PCP deplores the reactions of the so-called "international community" that, sustained on unacceptable positions of "equidistance" and "impartiality", once more abandon the Palestinian people to the mercy of the Zionist violence; objectively support the criminal policy of Israel and demonstrate the hypocrisy that characterizes the speeches on the "relaunch of the peace process in the Middle East".

Expressing its solidarity with the Palestinian people and its homage to the victims of Israel's bombing, PCP demands that the Portuguese Government energetically and unequivocally condemn the military attacks against the Palestinian territories and people and demand – from the Israeli authorities and the international organizations in which it participates – their immediate and unconditional end, as well as that of the criminal blockade on the Gaza Strip.

FMLN calls for respect for human rights and an end to hostilities in the Palestinian territory of Gaza - El Salvador

Joining the outcry of the international community, the FMLN demands put an immediate end to military escalation that is taking place against the Palestinian territory of Gaza, which has to date more than 270 people dead and around 900 wounded.

The peoples of Israel and Palestine have the right to live in peace in their own States and under secure borders. However, the reaction of the State of Israel with rocket attacks into its territory is clearly disproportionate and indiscriminate, as it is causing numerous victims among the civilian population of Gaza, in addition to the destruction of civilian facilities such as hospitals and homes, and important economic infrastructure. It also prevents access to humanitarian aid to assist the Palestinian civilian population. This constitutes a serious violation of Human Rights and International Humanitarian Law.

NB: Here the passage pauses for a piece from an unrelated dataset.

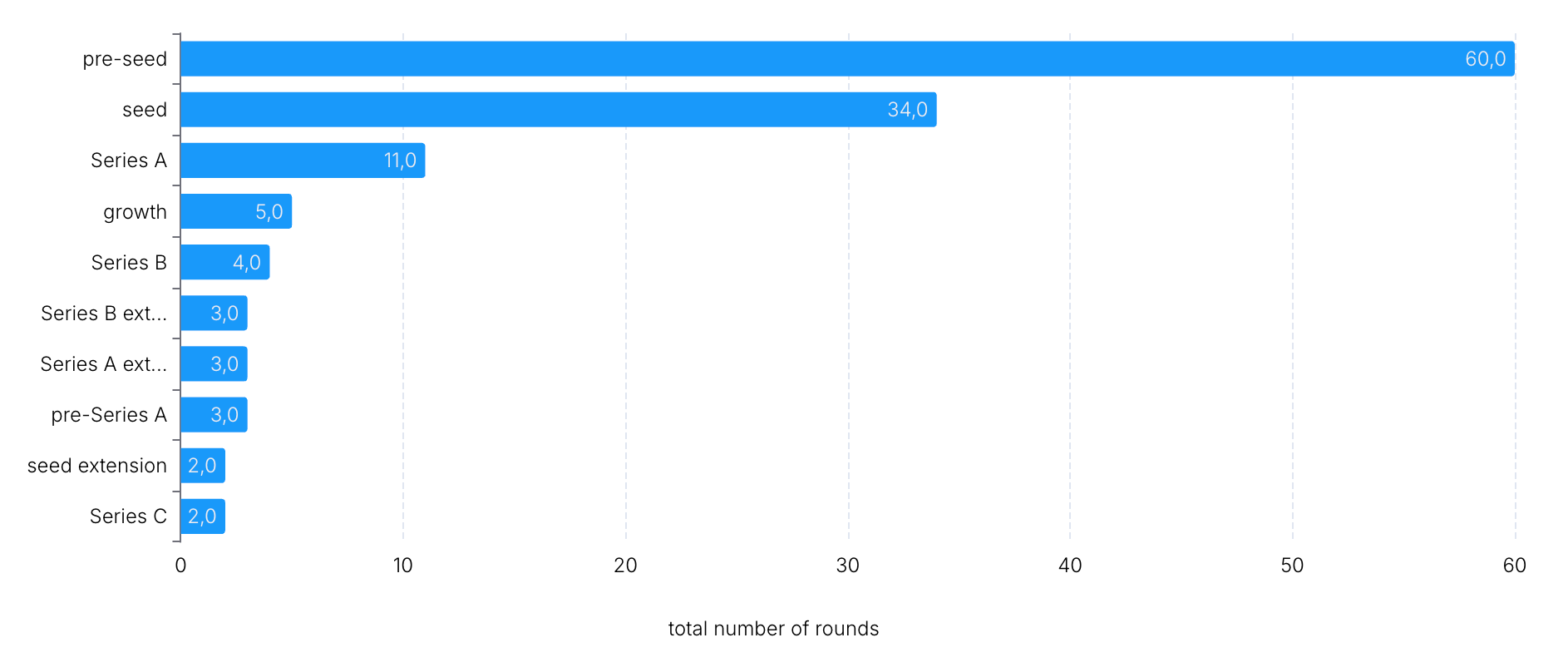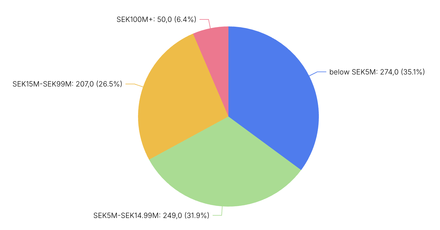 The following charts are based on the data I am tracking in the Startup Database by Swedish Tech News. The data includes selected unannounced rounds. PRO subscribers have access to regularly updated charts like these, throughout the year.
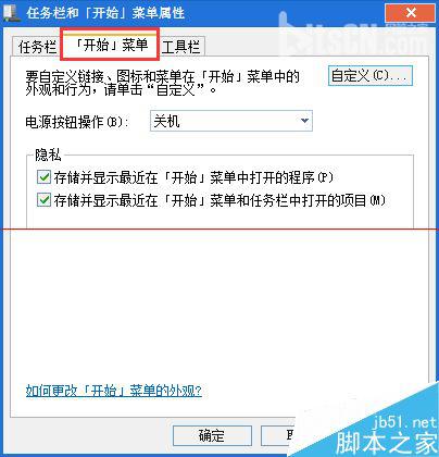 3、在弹出的菜单中找到“开始菜单”标签并点击。

The FMLN was in favor of an immediate halt to the bombing and all kinds of military actions against innocent civilians in Palestine and Israel. Should be restored urgently truce agreed 6 months ago as a basis to restart negotiations between all parties in this conflict, which eventually led to a firm and lasting peace for the Palestinian and Israeli peoples.It also demanded the Government of El Salvador to rule immediately demanding an end to military actions and respect the rights of the civilian population.

Ministry of CommunicationsDecember 28, 2008.

Venezuela condems slaughter

"The president of the Bolivarian Republic of Venezuela, Hugo Chávez Frías, on behalf of the Bolivarian Government and spokesman of the Venezuelan people, wants to express its deep outrage at the criminal attack which is the bombardment of Israel to the Palestinian people in Gaza.

In this sense, the Bolivarian Government expresses its solidarity to the Palestinian people and raises its voice to the international community to undertake a massive campaign of condemnation of these heinous acts of violence, through which it seeks to destroy the life expectancy of a Village whole.

The only government in the world that has been complicit in this attack was the U.S. government, causing consternation to the statement of its spokesman, Gordon Jhondroe noting that for the end of violence in the region, must stop attacks on Israel. 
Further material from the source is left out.